Terracotta, a provider of Java application management tools, announced it is shipping a clustered enterprise edition of its Quartz job scheduler, as part of its Terracotta 3.2 platform release. The latest release of Quartz, called Quartz EX, is an enterprise edition of Quartz, an open source Java job scheduler acquired by Terracotta in November.

With this release, Quartz supports the new Terracotta Job Store, which provides a way for IT departments to schedule jobs across multiple groups of servers. For Quartz users who are currently clustering using a relational database as the central job store, the Terracotta Job Store provides an way to implement high availability, added performance, and scale-out, without the cost or administrative overhead of the relational database, the vendor says.
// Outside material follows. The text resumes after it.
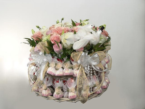 Если нужно прямо срочно, советую самому купить конфет, фруктов и т.д. и со всем этим прийти в любой цветочный салон (можно распечатать и прихватить с собой вот эту фотографию, чтобы не объяснять на пальцах, чего хотите : )
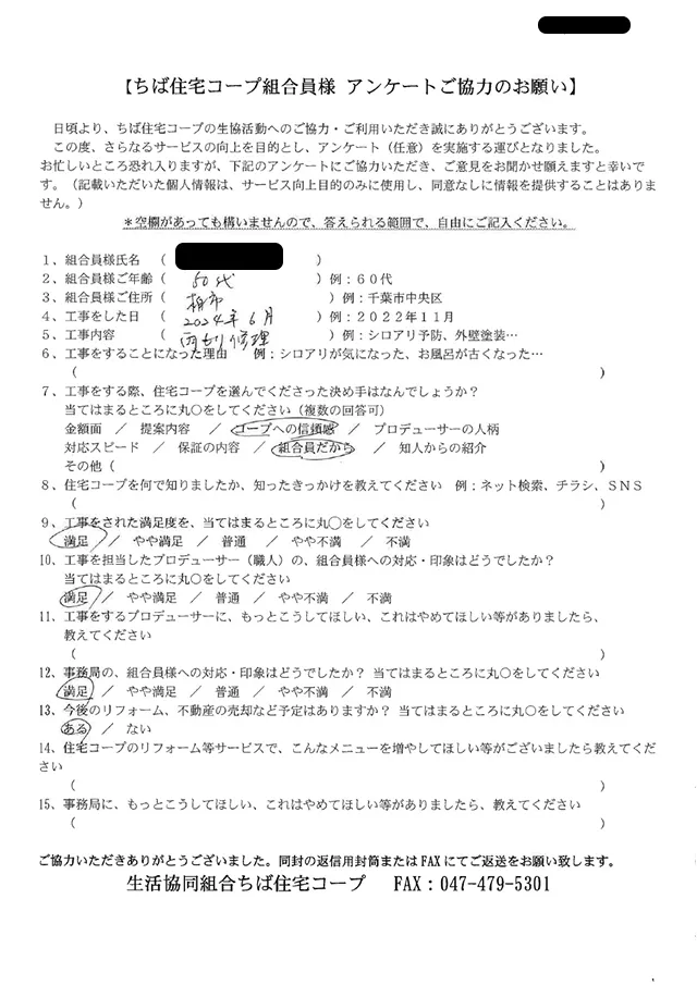 柏市 雨もり修理された組合員アンケート

The Quartz integration is available via the same simple mechanism used by Terracotta Ehcache. Switching from un-clustered Quartz to clustered Quartz requires basic configuration changes that direct Quartz to use a running instance of the Terracotta Server Array to provide clustering.

"Quartz fits in as the automation engine," Jeff Hartley, vice president, marketing and products of Terracotta, tells 5 Minute Briefing. "It can be embedded within enterprise applications or ran as a standalone process. In either case, it will execute defined tasks relating to the application or system maintenance upon their defined schedules. Using the Terracotta clustering approach will yield higher performance, better scalability and lower cost than using a database to store the job scheduling data.

Hartley adds that the Quartz solution offers capabilities in the emerging private cloud space. "We see more customers deploying to private clouds, and the prime motivation for involving Terracotta is to ensure that the data layer in clouds can scale to meet the demands of an elastic compute layer," he says. "Put simply, as organizations trial cloud deployments, they tend to see that databases become a bottle neck to scalability. This issue will come to a head here in 2010."

Hartley adds that "Quartz is currently utilized in a large number of mainframe installations, and has been in various such environments since 2001, when it began to be used on AS/400 systems. As teams migrate from mainframes to clouds, they will be able to keep their Quartz configuration virtually intact."